Aurora Innovation's autonomous trucks can now cover a thousand miles in fifteen hours. A human truck driver, under US federal hours-of-service rules that cap driving at eleven hours in a fourteen-hour window, cannot legally match that. Aurora's fleet has accumulated 250,000 driverless miles since commercial operations began, with a clean safety record, and CEO Chris Urmson has said 2026 is the inflection point at which the market will recognise that self-driving trucks have genuinely arrived. The fleet is expected to exceed two hundred trucks by year end. The story has attracted a fraction of the attention that Waymo's robotaxi expansion has received, despite affecting an industry — freight trucking — that accounts for roughly seventy percent of all US freight movement by value.
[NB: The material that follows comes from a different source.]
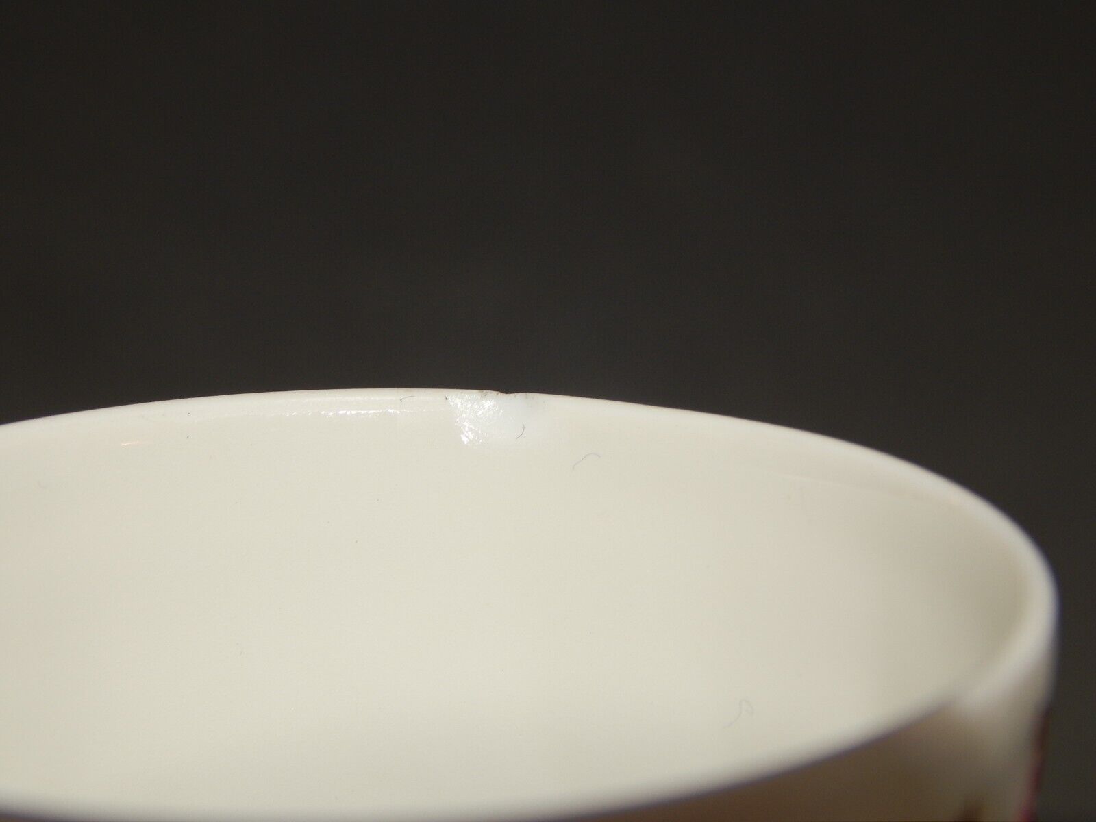 La tazzina misura 5,5 cm di diametro e 5,5 cm di altezza e il piattino 11 cm di diametro, la tazzina presenta una micro scheggiatur sul bordo

The gap between the robotaxi narrative and the autonomous truck narrative reflects a genuine difference in how the two sectors are developing, not just in media attention. Robotaxis operate in dense urban environments, interact constantly with pedestrians, cyclists, and complex intersection geometry, and face regulatory scrutiny in every city they enter. Autonomous trucks predominantly run on interstate highways between fixed origin-destination pairs — distribution centre to distribution centre, port to warehouse. The operating environment is simpler, the failure modes are more predictable, the regulatory framework is less fragmented, and the economics are more immediately compelling. A truck that can run continuously, without mandatory rest breaks, at consistent highway speed, on a route it has driven thousands of times, eliminates a meaningful fraction of the cost structure that makes long-haul freight expensive.
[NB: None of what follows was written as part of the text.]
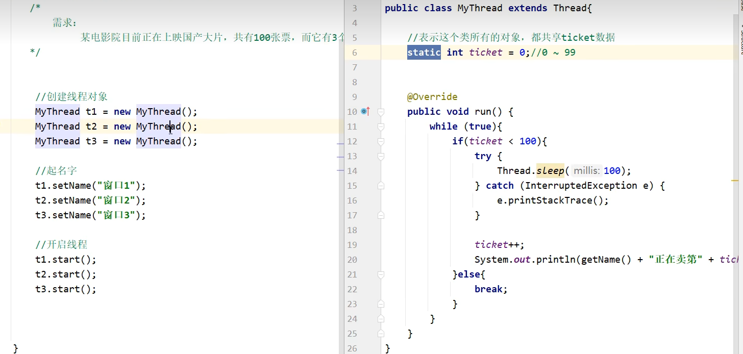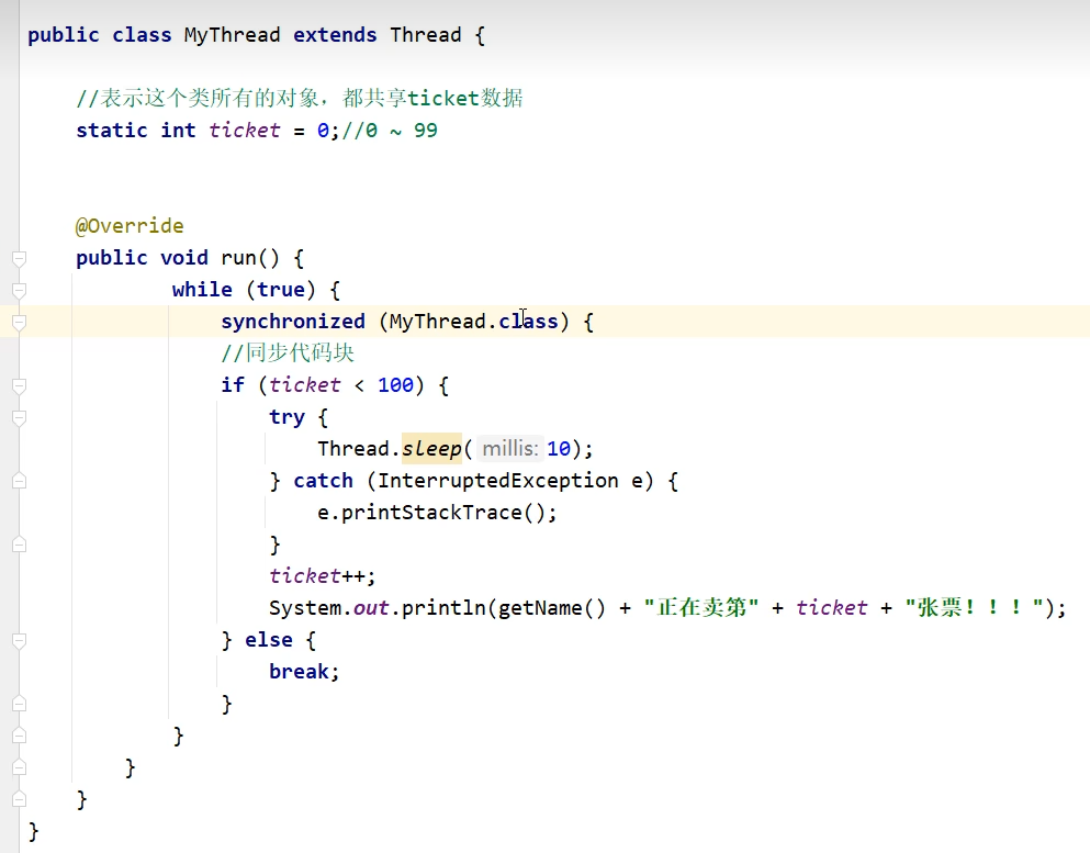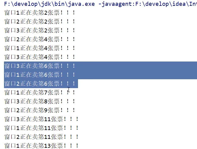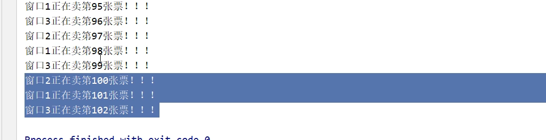 100张电影票,三个售票机,卖完这100张票。当前代码:

Gatik AI's recent $600 million contract announcement illustrates where the commercial momentum is. Gatik operates in the middle-mile segment — shorter routes between distribution centres and retail fulfilment locations — where the operational domain is constrained enough that driverless technology is already commercially deployed without safety drivers. Its deal with a major consumer-goods company doubles its contracted revenue over five years, with hundreds of driver-out trucks expected to be revenue-generating by end of year. Waabi raised a billion dollars in January and struck a milestone-based deal with Uber that could deploy 25,000 Waabi-powered autonomous vehicles on the platform, bridging the trucking and ride-hailing ecosystems. Kodiak AI is working with Bosch to develop hardware and software packages that can bring autonomous driving capability to standard production trucks at scale.
The economic signal that may matter most is the one that went largely unreported in February: shares of trucking and logistics companies fell when an AI freight optimisation company released a tool that allows carriers to scale freight volumes by three to four hundred percent without proportional headcount increases. The market read that as a threat to incumbent labour-intensive carriers — and it was right to do so. Autonomous driving eliminates the driver cost; AI freight optimisation eliminates the dispatch and coordination cost. Together, they attack the two largest variable cost components of freight operations simultaneously. The incumbents in this space — JB Hunt, Werner, Old Dominion — are facing the same dynamic that hit photography and music before them: the digital substitute is not just cheaper, it is structurally incompatible with the cost model of the incumbent.
The labour implications are large and poorly understood in public discourse. There are approximately 3.5 million truck drivers in the United States. The transition to autonomous freight will not happen overnight — the current fleets are small, the technology still has limits in adverse weather and complex urban pickup and delivery, and the regulatory environment varies by state. But Aurora's fifteen-hour thousand-mile run is not a demonstration; it is commercial freight being moved today. The question is no longer whether autonomous trucks work. It is how fast the economics drive adoption, and what the policy response to the displacement of millions of jobs looks like. The robotaxi story got the headlines; the trucking story will have the larger economic footprint.